Aussi, l’année dernière, j’ai jugé utile d’interroger l’ensemble des SDIS sur les difficultés rencontrées pour honorer leur obligation d’emploi. Sur l’ensemble des réponses obtenues, à l’exception d’une seule, il s’avère que les SDIS ne parviennent pas à s’acquitter de cette obligation et doivent verser au FIPHFP une contribution financière qui peut dépasser, pour certains, 200 000 euros, cette somme venant alourdir un peu plus les dépenses contraintes des services départementaux.
Or, il convient de le souligner, certaines entreprises du secteur privé bénéficient d’une minoration de leur contribution lorsqu’elles emploient plus de 80 % des salariés occupant des emplois nécessitant des aptitudes physiques particulières ; je fais ici référence aux articles D5212-21 et D5212-24 du code du travail.
Dans l’article D5212-25 du code du travail, sont énumérées les catégories d’emplois exigeant des conditions d’aptitude particulières, comme les personnels navigants techniques et commerciaux de l’aviation civile ou les personnels navigants techniques de la marine marchande, les ambulanciers, les convoyeurs de fonds, les charpentiers en bois qualifiés, les conducteurs routiers, les livreurs, etc.
Or les SDIS, dont la plupart des emplois exigent aussi des conditions d’aptitude particulières, ne bénéficient pas d’une minoration analogue. Dans l’ensemble, les responsables de SDIS dénoncent l’iniquité de traitement avec le secteur privé.
Mme Isabelle Debré, rapporteur. Ils ont raison ! Il faut revoir cela !
Mme Catherine Troendle. Certains proposent, pour résoudre ces difficultés, de ne soumettre à l’obligation d’emploi de 6 % que les seuls personnels administratifs et techniques.
En conséquence, je souhaite que ce débat soit l’occasion pour le Gouvernement d’envisager de rouvrir ce dossier pour apporter aux SDIS une réponse appropriée. (Applaudissements sur les travées de l'UMP.)

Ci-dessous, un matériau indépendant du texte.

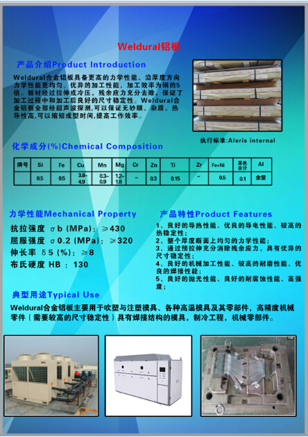 模具專用鋁合金的牌號(hào):HOKOTOL、GIANTAL、WELDURAL、7075T651、7475、7050、2024、6061等。
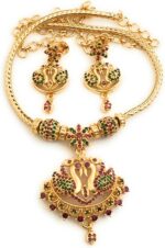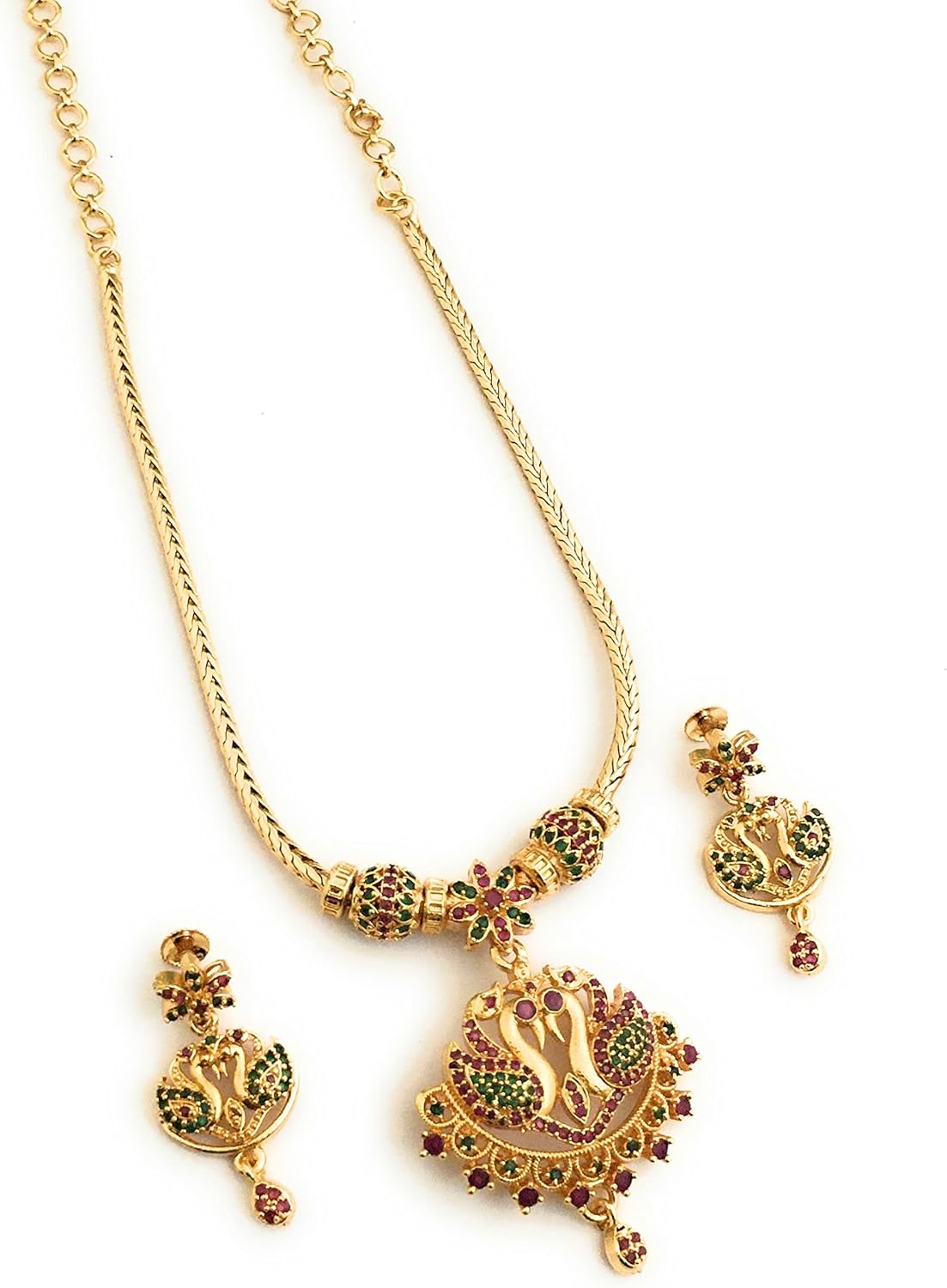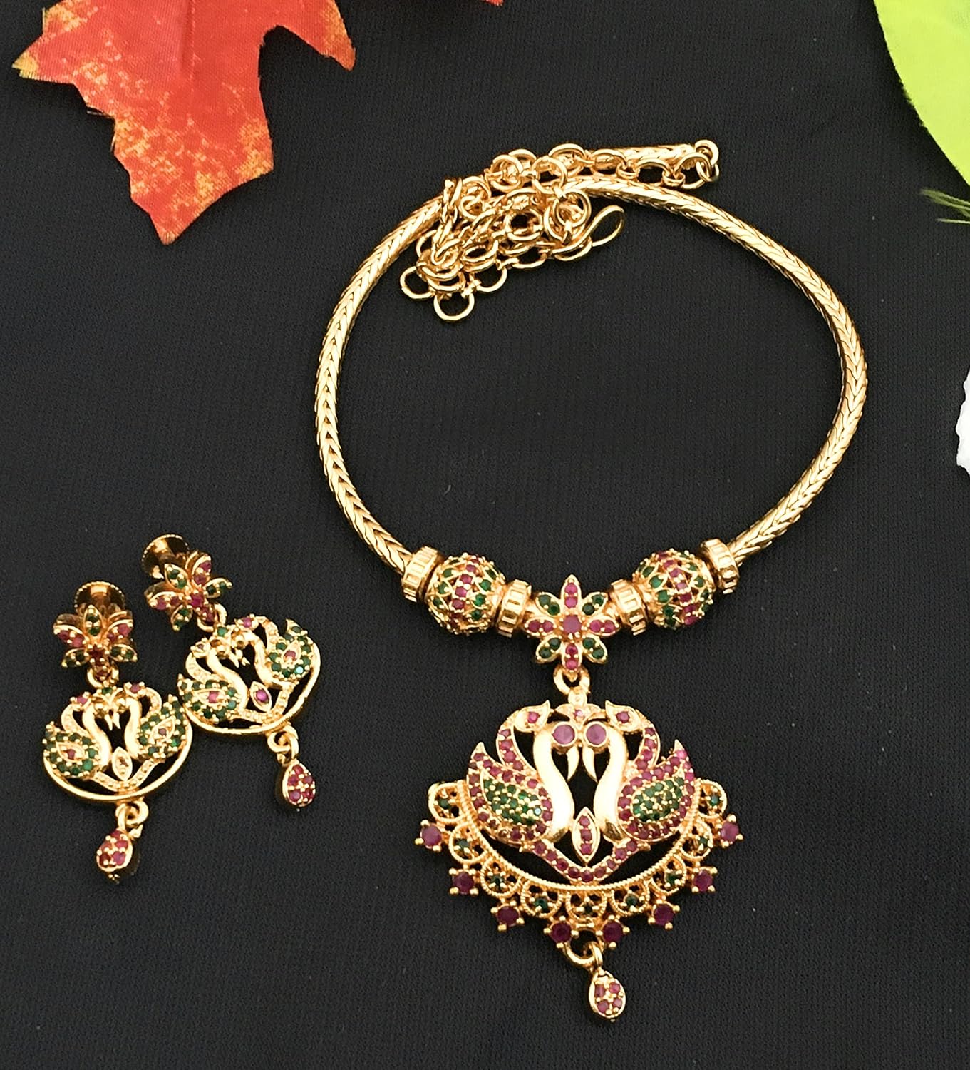Sasitrends One Gram Gold Plated Traditional Peacock Designer Short Jewellery Set with Earrings for Women and Girls

M. le président. La parole est à M. René Teulade.
M. René Teulade. Monsieur le président, madame le ministre, mes chers collègues, pour ma part, après tout ce qui vient d’être dit, je concentrerai mon intervention sur l’emploi des personnes handicapées depuis la promulgation de la loi de 2005 en vue de dresser un bilan, puis j’essaierai de vous faire part, de manière synthétique, de l’expérience que j’ai tirée des différentes responsabilités que j’ai pu exercer dans ce domaine.
De manière générale, la situation de l’emploi des personnes handicapées n’est pas satisfaisante. Pour preuve, leur taux d’emploi est presque deux fois moindre que celui de l’ensemble de la population en âge de travailler : 35 % contre 65 %. Certes, leur taux d’activité est plus faible – 44 % contre 71 % –, mais leur taux de chômage est le double de celui de la population active : il s’établit à 20 %.
Aussi, bien que l’effet de la crise économique sur l’emploi des personnes handicapées soit difficilement mesurable, il faut souligner qu’en 2011, le nombre de demandeurs d’emploi handicapés a augmenté de 13,9 %, tandis que cette hausse a été de 5,3 % pour l’ensemble des demandeurs d’emploi.
Comme bien souvent, ce sont les plus vulnérables qui sont les premiers affectés par les crises, que ce soient les personnes handicapées, celles qui sont en situation d’extrême précarité, les jeunes ou les seniors.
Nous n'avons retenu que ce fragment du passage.